Die vorgeschlagene Kürzung der Qualifizierungsphase für Post-Doktoranden von sechs auf drei Jahre "schadet wissenschaftlichen Karrieren nicht nur, sondern macht sie in vielen Fällen unmöglich", so kritisiert der Deutsche Hochschulverband (DHV) am Montag die Reformvorschläge des Bundesministeriums für Bildung und Forschung (BMBF) für das Wissenschaftszeitvertragsgesetz.
Allgemein stellten die Reformpläne des BMBF zwar eine "solide Diskussionsgrundlage" dar, diese benötige jedoch "weiterer Erörterung". Das Bemühen um mehr Planbarkeit und Sicherheit für Wissenschaftlerinnen und Wissenschaftler am Anfang ihrer Karrieren sei erkennbar. Zu prüfen sei allerdings, ob "die erweiterten Mitbestimmungsmöglichkeiten der Tarifpartner" unbeabsichtigte negative Auswirkungen haben könnten. "Bis die Eckpunkte des BMBF in einen Gesetzentwurf überführt werden, ist noch Zeit, inhaltliche Punkte weiter zu präzisieren", so DHV-Präsident Bernhard Kempen.
Sollte die Höchstbefristungsdauer für Post-Doktorandinnen und Post-Doktoranden nicht erhöht werden, seien die Bundesländer in der Pflicht, so der DHV: Sie müssten deutlich mehr Juniorprofessuren im Beamtenverhältnis mit einer Laufzeit von zweimal drei Jahren zur Verfügung stellen, um die unattraktiver gewordenen Stellen für Postdocs im Angestelltenverhältnis zu kompensieren.
Weitere kritische Stimmen aus der Wissenschaft
Am Freitag hatte der Präsident der Hochschulrektorenkonferenz, Professor Peter-André Alt seine "Sorge" anlässlich einzelner geplanter Neuerungen ausgedrückt. An den Reformvorschlägen sei das Bemühen erkennbar, "die Funktions- und Leistungsfähigkeit des deutschen Hochschulsystems zu erhalten" und die Planbarkeit von Wissenschaftskarrieren zu verbessern. Kritisch sah Alt allerdings ebenfalls die mit drei Jahren "eindeutig zu kurze Befristungsmöglichkeit in der Postdoc-Phase" sowie den Vorrang der Qualifikationsbefristung im Drittmittelbereich und die Öffnung der Tarifsperre. Dem deutschen Hochschul- und Wissenschaftsstandort könnten so Wettbewerbsnachteile entstehen.

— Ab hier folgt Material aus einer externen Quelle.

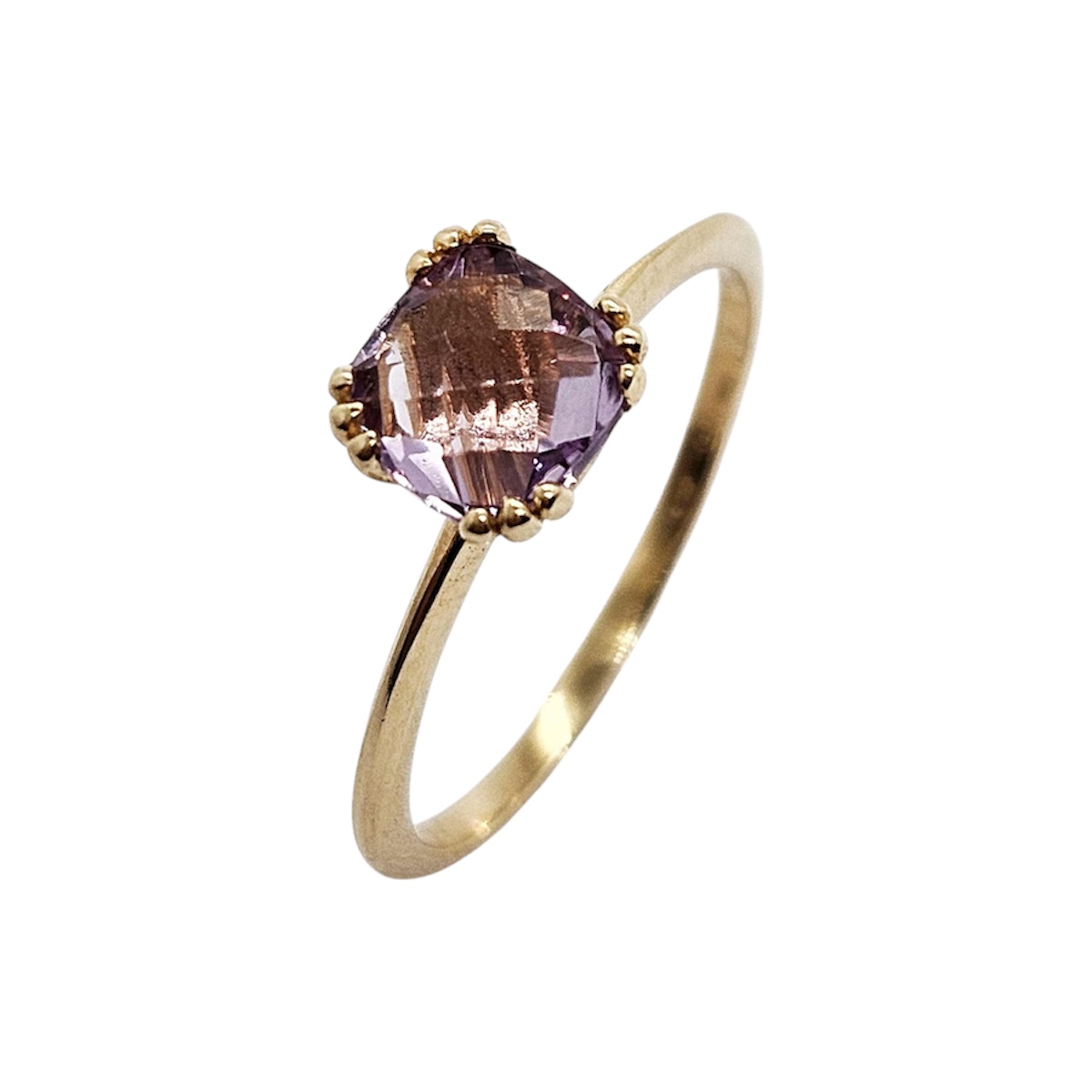 Zlatý prsten osazen přírodním ametystem, ze žlutého zlata se může stát dokonalým dárkem nejen pod vánoční stromeček.

Am Sonntag haben sich außerdem über 200 Professorinnen und Professoren in einem offenen Brief mit befristet angestellten wissenschaftlichen Mitarbeiterinnen und Mitarbeitern solidarisch erklärt. Ihre "kaum mehr zumutbaren Arbeitsbedingungen drohen sich noch weiter zu verschlechtern", schreiben sie zu den Reformplänen des BMBF. Diese lieferten keine Antwort, wie nach einer erfolgreichen Qualifizierungsphase die Aussicht auf eine Festanstellung unterhalb der Professur verbessert werden könne. Forschende verließen in dieser Phase die Wissenschaft, die Kontinuität in der Lehre leide. In einer nun durch die Höchstbefristungsdauer auf drei Jahre begrenzte Postdoc-Phase, in der neben der Lehre und Forschung auch Drittmittel eingeworben, sowie Bücher und Artikel publiziert werden müssten, um sich für eine weitere wissenschaftliche Karriere zu empfehlen, bliebe noch weniger Zeit für Care-Arbeit und Familiengründung. Neben den Erstunterzeichnenden haben sich inzwischen über 700 weitere Professorinnen und Professoren der Solidaritätsbekundung angeschlossen.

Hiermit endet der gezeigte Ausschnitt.